You can configure data validation rules for an entity class like this:
1 [Table("B_DICTIONARY")] 2 public class Dictionary : EntityCommon 3 { 4 [Length(1,50)] 5 [Column] 6 public string Name { get; set; } 7 [Column] 8 public string Value { get; set; } 9 [Column] 10 public string Type { get; set; } 11 }
The Name field in this entity class identifies a LengthAttribute tag, specifying that the length of the field ranges from 1 to 50, and throws an exception if it does not conform.Of course, there is more than one validation rule for entity data, which can be added later on or extended by users according to their own needs.
7. Transaction's operation form, personal habits, like to write out the transaction clearly, do not like over-encapsulation
Transactions are an important concept in database systems. Transactions are characterized by ACID (Atomicity, Consistency, Isolation, Persistence). Of course, the concept of transactions will not be discussed here. What I want to show you is how to use transactions in CoffeeSql:
1 try 2 { 3 dbContext.DBTransaction.Begin(); 4 5 dbContext.Update<Machine_Match_Relation>(d => new { d.Del_Flag }, new Machine_Match_Relation { Del_Flag = 1 })
.Where(d => d.Screen_Machine_Id.Equals(displayDeviceId)).Done(); 6 7 foreach(string bindDeviceId in bindDeviceIds) 8 { 9 dbContext.Add(new Machine_Match_Relation 10 { 11 Id = Utils.GetGuidStr(), 12 Screen_Machine_Id = displayDeviceId, 13 Machine_Id = bindDeviceId, 14 Creater = updater 15 }); 16 } 17 18 dbContext.DBTransaction.Commit(); 19 } 20 catch(Exception ex) 21 { 22 dbContext.DBTransaction.Rollback(); 23 throw ex; 24 }
Some people will say why you don't encapsulate a method here. Just pass in a delegate Action from your business operation code. Of course, but to be honest, it's not necessary. Encapsulate it yourself if you like.
8. Adaptable to expand multiple different databases
As a trendy ORM, of course, it has to be adapted to a variety of databases, such as Oracle, Mysql, SqlServer, and so on.

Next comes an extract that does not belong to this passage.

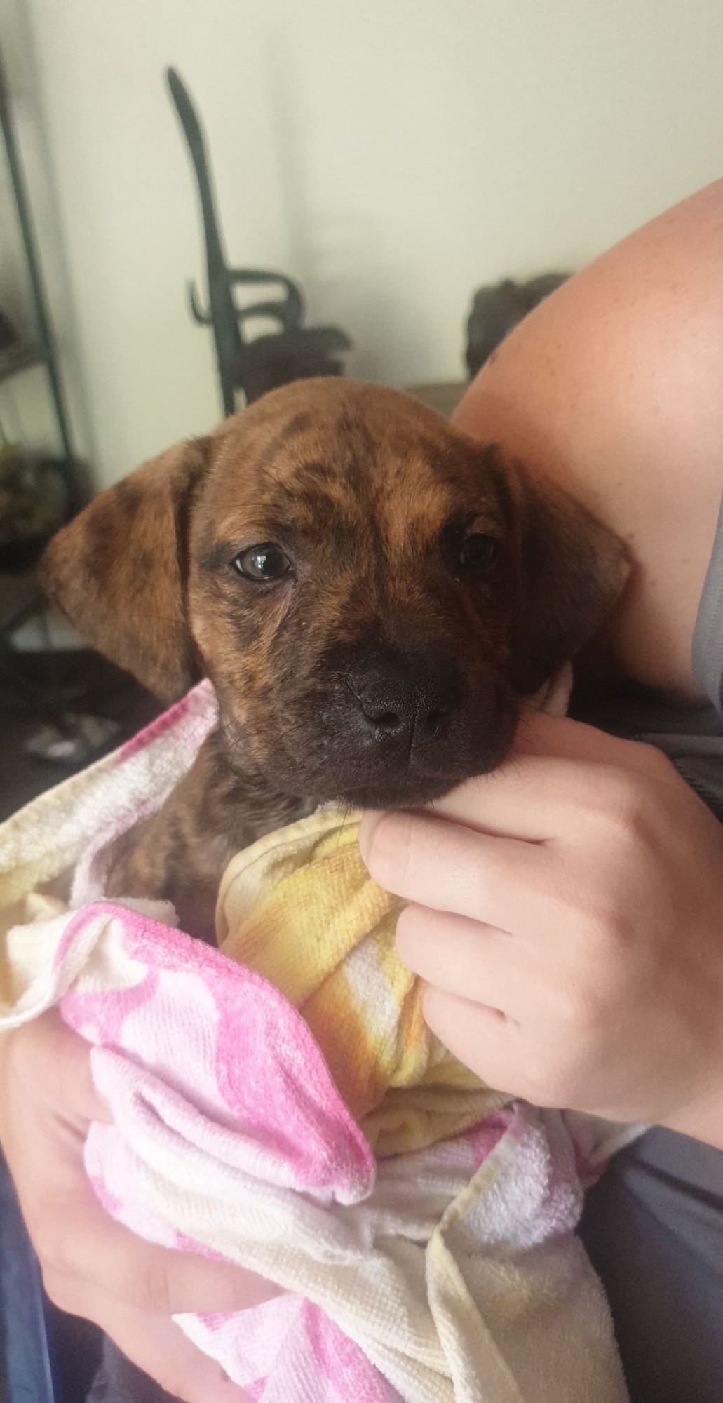 Jenner is 7weeks of age Staffy X .... She is a very gentle puppy and will fit in anywhere ... She is playful and will sit with you as well ... She is learning all her manners ... ready for release early January ... holding deposit is required ... LOCATION TOOWOOMBA ... carolangelsrescue@gmail.com for more info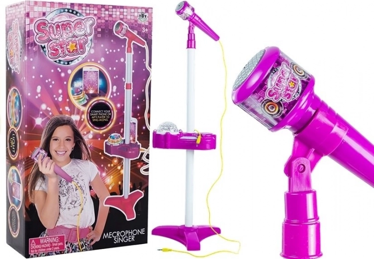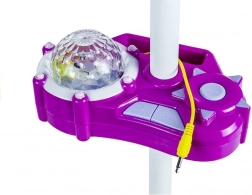 Questo microfono multifunzionale per bambini su treppiede trasforma la cameretta in un piccolo palcoscenico. Il pannello interattivo con altoparlante integrato, pulsanti per cambiare le basi e regolare il volume è affiancato da un magico disco proiettore che diffonde luci colorate vorticose. Grazie al cavo incluso è possibile collegare il telefono o il lettore MP3 e cantare sulle proprie canzoncine.

1 //Mysql 2 public class WQSDbContext : MysqlDbContext<WQSDbContext> 3 { 4 public WQSDbContext() : base(mysqlConnStr) 5 { 6 this.OpenQueryCache = false; 7 this.Log = context => 8 { 9 Console.WriteLine($"sql:"); 10 Console.WriteLine($"time:"); 11 }; 12 } 13 } 14 15 //Oracle 16 public class WQSDbContext : OracleDbContext<WQSDbContext> 17 { 18 public WQSDbContext() : base(oracleConnStr) 19 { 20 this.OpenQueryCache = false; 21 this.Log = context => 22 { 23 Console.WriteLine($"sql:"); 24 Console.WriteLine($"time:"); 25 }; 26 } 27 }
Currently, CoffeeSQL implements two database extensions, Oracle and Mysql.Of course, if you want to adapt to more databases, you can also try to extend them, but these are the two databases I'm currently using.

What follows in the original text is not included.